De hecho, tal utilización es coextensiva con la historia misma de la Antropología, pues ese
es el tenor de las encuestas mandadas realizar por los reyes españoles en América, o del
empleo de conocimientos antropológicos en los llamados programas indigenista, que tie­
nen como objetivo lograr un cambio de mentalidad en comunidades étnica y cultural­
mente diferenciadas, para conseguir integrarlas en los circuitos económicos y políticos
del Estado. En realidad, en este apartado deberíamos incluir todo el ámbito de la llamada
«Antropología Aplicada», la cual siempre termina reduciéndose a programas de impulso
del desarrollo económico previsto bien por la economía capitalista occidental, o por la
planificada de los países del Este europeo.

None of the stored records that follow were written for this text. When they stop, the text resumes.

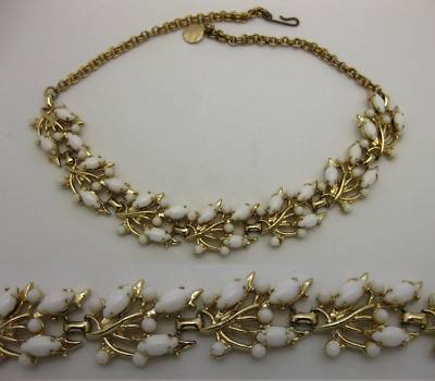 VINTAGE GOLD TONE & MILK GLASS NECKLACE
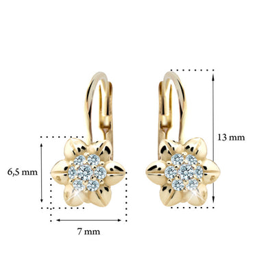 Detské náušničky v tvare kvetinky so zapínaním typu klapka sú vyrobené z žltého 14k zlata a osadené bielymi kamienkami. Zlaté náušnice majú puncovú značku 585/1000 od štátneho puncového úradu. Tento typ zapínania považujeme za jeden z najbezpečnejších a je najvhodnejší pre malé slečny vo veku od cca 5 rokov. Na tento typ zapínania je možné za príplatok umiestniť bezpečnosťou poistky. Všetky rozmery sú podrobne rozkreslené na podpornej fotografii. Ku každým náušničkám je možné vybrať si aj ladiaci prívesok s retiazkou.
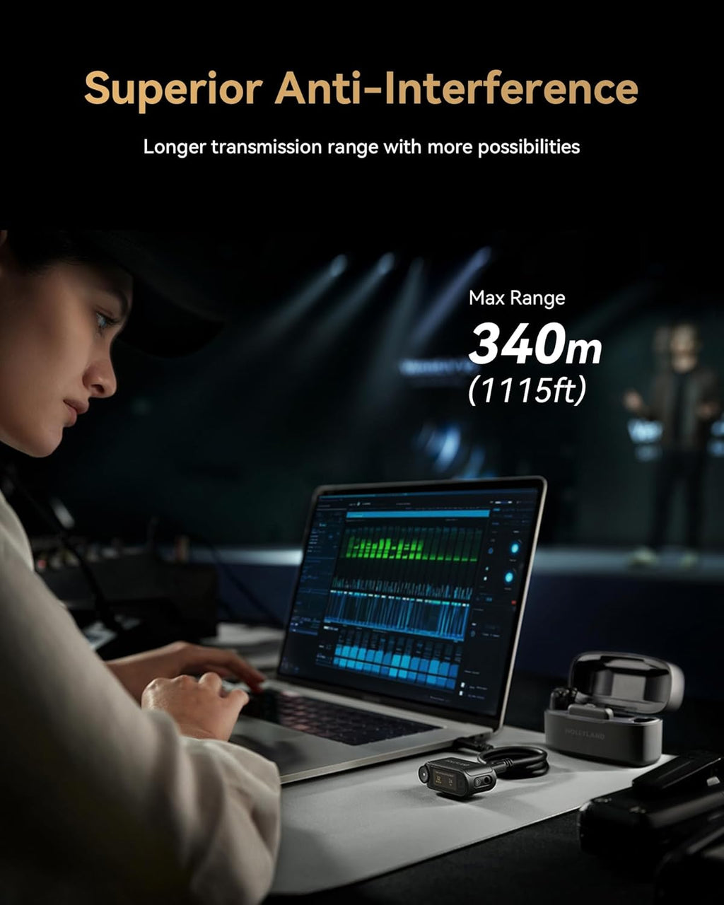 El LARK MAX 2 redefine la grabación profesional con su innovadora tecnología de monitoreo inalámbrico con audífonos OWS (Open-Ear). Experimenta libertad total con un rango de monitoreo de 100m y una latencia ultra baja de 25ms.
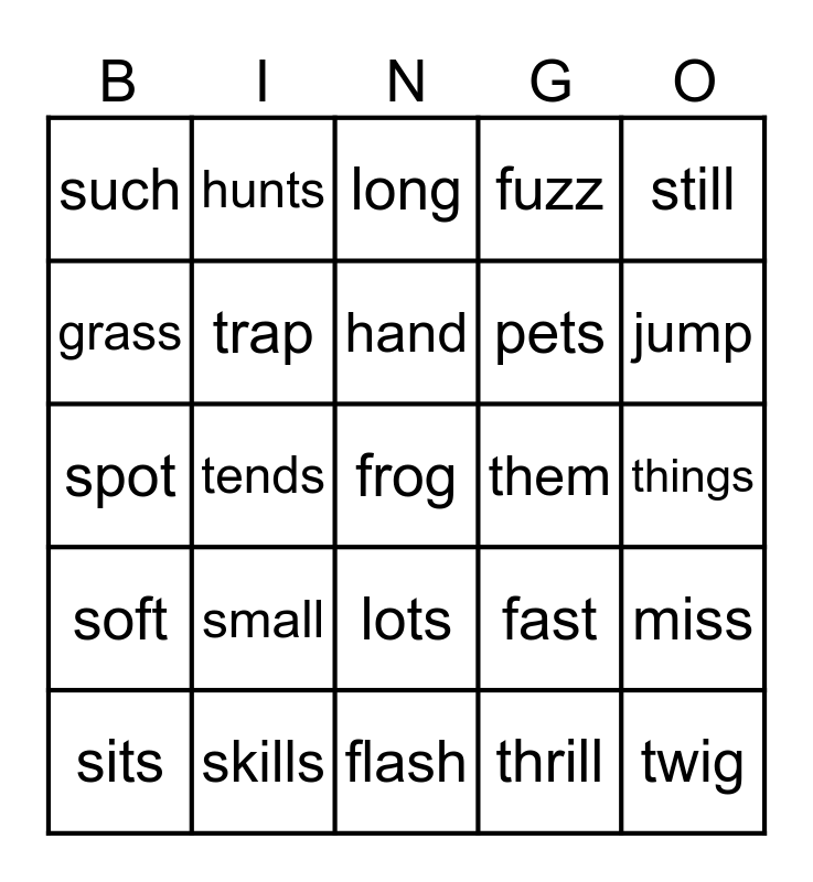 This bingo card has a free space and 24 words: small, skills, hand, sits, still, such, grass, hunts, them, lots, pets, spot, fast, miss, trap, thrill, things, long, jump, tends, twig, soft, fuzz and flash.
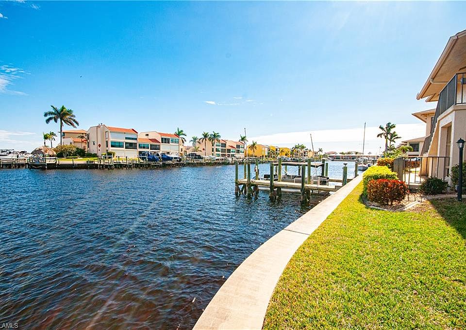 NEW FIRM REDUCED PRICE FOR QUICK SALE.....VACANT QUICK CLOSE....... 2/2 SAILBOAT ACCESS..... 2ND FL..... .....RIVER VIEWS ON WIDE DIRECT ACCESS INTERSECTING CANALS...........NO IAN DAMAGE OR WATER INSIDE UNIT...2 FLOOR PERFECT SAFE VIEWS TO ENJOY SUNRISE AND SUNSETS. EXTRA CLEAN AND WELL MAINTAINED, ....BEAUTIFUL WHITE PLANTATION SHUTTER INTERIOR OF UNIT......EASY CLEAN....NEWER UV SHADES FOR ENTIRE LANAI.................. SPACIOUS SPLIT BEDRMS FOR PRIVACY.......DOUBLE SINKS IN MASTER UPGRADED IN BEAUTIFUL WHITE QUARTZ.......LARGE WALK IN CLOSET IN MASTER WITH VIEWS OF THE BEAUTIFUL RIVER AND WATERWAYS......UTILITY ROOM WITH WASHER/ DRYER........EXTRA STORAGE IN AND OUT OF UNIT WITH GARAGE,.......GRANITE KITCHEN U SHAPE WITH VIEWS OF WATER ... NEWER A/C AND HOT WATER TANK.......ELECTRIC HURRICANE ROLL DOWN SHUTTERS......NEW FRONT DOOR AND HARDWARE............END UNIT WITH PLENTY OF WINDOWS. LIVEABLE LANAI TO ENJOY BOATS PASSING BY ....... NEWLY RESURFACED LG. HEATED POOL.....SEEING IS BELIEVING THIS SAILBOAT ACCESS 2/2 WITH GARAGE...... COMMUNITY BOAT DOCKING.........ENJOY MOST POPULAR LOCATION IN SOUTHERN CAPE ......CLOSE TO BRIDGES TO BEACHES.......RESTAURANTS, SPORTS BARS.......FITNESS CENTERS.......SHOPPING.....MEDICAL URGENT CARE AND HOSPITAL.......CHECK THIS OUT AND COMPARE VALUE TO VIEWS OFFERED IN THIS OPEN FLOOR PLAN UNIT......... 5 MINUTE WALK DOWN THE STREET TO NEW UPGRADED JAYCEE PARK WILL OFFER FUN FOR THE WHOLE FAMILY AND FRIENDS VISITING AREA WITH ENTERTAINMENT, MUSIC DANCING, DOCKS, GOURMET FOOD TRUCKS, EATERY ETC, STAY TUNED UNDER CONSTRUCTION NOW.......COMING SOON...UPGRADED JAYCEE PARK CHECK IT OUT ON LINE .........FUN TO WATCH DAILY NEW ITEMS ADDED...........
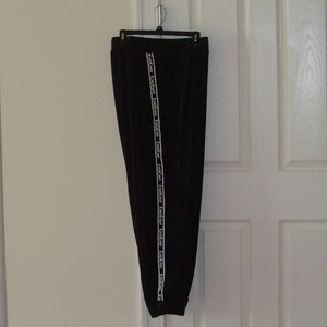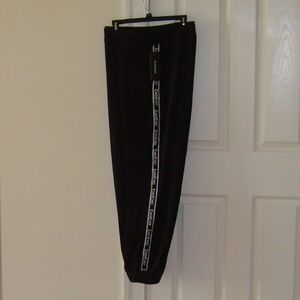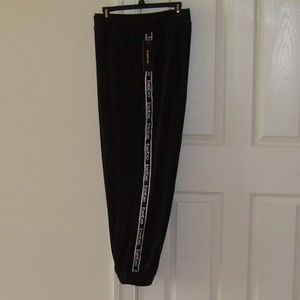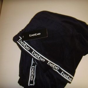 Brand NEW bebe black velour like, jogger style pants features elastic waist and legs. The bebe design marking is on the side of each leg. Size 2X, the fabric is composed of 95% polyester and 5% spandex. They are machine washable. Very comfortable. TWO PAIR AVAILABLE.
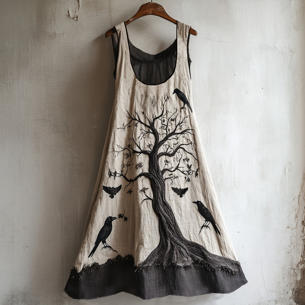 Viking Raven Life Of Tree Linen Tank Maxi Dress
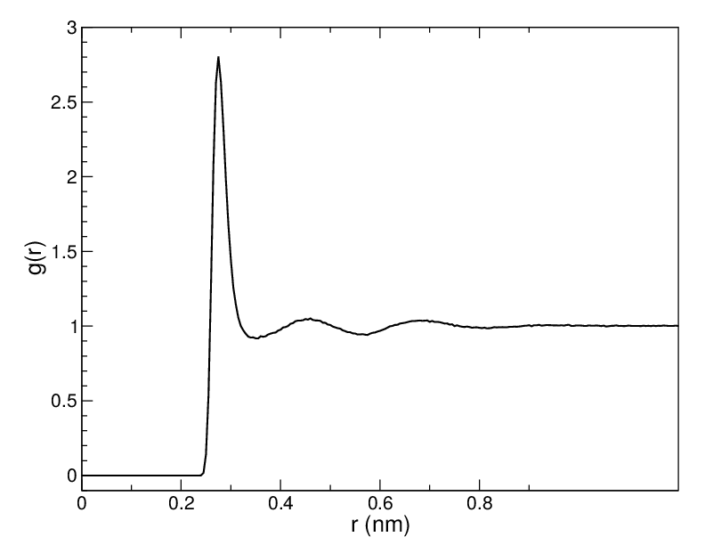 Usually the value of \(r_{max}\) is half of the box length. The averaging is also performed in time. In practice the analysis program gmx rdf divides the system into spherical slices (from \(r\) to \(r+dr\), see Fig. 52 A) and makes a histogram in stead of the \(\delta\)-function. An example of the RDF of oxygen-oxygen in SPC water 80 is given in Fig. 53

Ahora bien, el hecho de que el antropólogo siempre parece haber estudiado grupos
de gente con escaso o nulo acceso y control de las fuentes estratégicas de la riqueza y del
poder situaría al antropólogo en una peculiar posición, pues toda la información que
pueda obtener, gracias a la benevolencia de la comunidad estudiada, podría ser utilizada
precisamente para romper más aún la autonomía de esos pueblos, acentuando su depen­
dencia; la información del antropólogo podría dañar a esos pueblos, con lo que quedarían
lesionados principios éticos fundamentales generados en la relación del antropólogo con
la comunidad estudiada, que de ese modo se vería vilmente engañada. El título mismo
del proyecto Camelot, camaleón, denuncia la inmoralidad del mismo, pues en él, el
científico social se convertiría en un vulgar espía.
Esta situación sirvió de partida, primero, para denunciar el compromiso político de
los antropólogos con la política colonial y postular como actitud opuesta la necesidad de
un compromiso a favor de los oprimidos en una Antropología militante, que siempre
partiera de las aspiraciones de los pueblos estudiados en la Antropología . Parece como si
los defensores de esta actitud, K. Gough, G.D. Berreman y G. Gjessing, adoptaran la
misma postura que la implícita en el proyecto Camelot, pero al revés; es decir, parecen
partir de la existencia de una Antropología neutral que puede ponerse al servicio bien de
los opresores, bien de los oprimidos, hasta el punto de que K. Gough propone estudiar la
revolución (no abortarla como pretendía el proyecto Camelot) como un hecho más del
mundo etnológico, por ejemplo, como los culto cargo. Estos autores, pues, por lo menos en
lo que se refiere a K. Gough y G.D. Berreman, no parecen cuestionar la naturaleza
misma de la Antropología en cuanto ciencia, sino que más bien parecen denunciar sus
desviaciones, dando a entender que la Antropología social o cultural existe por lo menos
en cuanto idea intencional (véase Berreman, 1968; Gjessing, 1968; Gough, 1968).
En el mismo nivel se sitúa Jorgensen, quien partiendo de la situación específica de
la investigación antropológica trata de deducir la necesidad de un código deontológico
que debería ser exigido en la práctica de la investigación antropológica. (Jorgensen, 1971).
Pero tampoco en este caso parece ponerse en cuestión el carácter científico de la Antro­
pología. La cuestión moral o la responsabilidad social parece ser una cuestión posterior.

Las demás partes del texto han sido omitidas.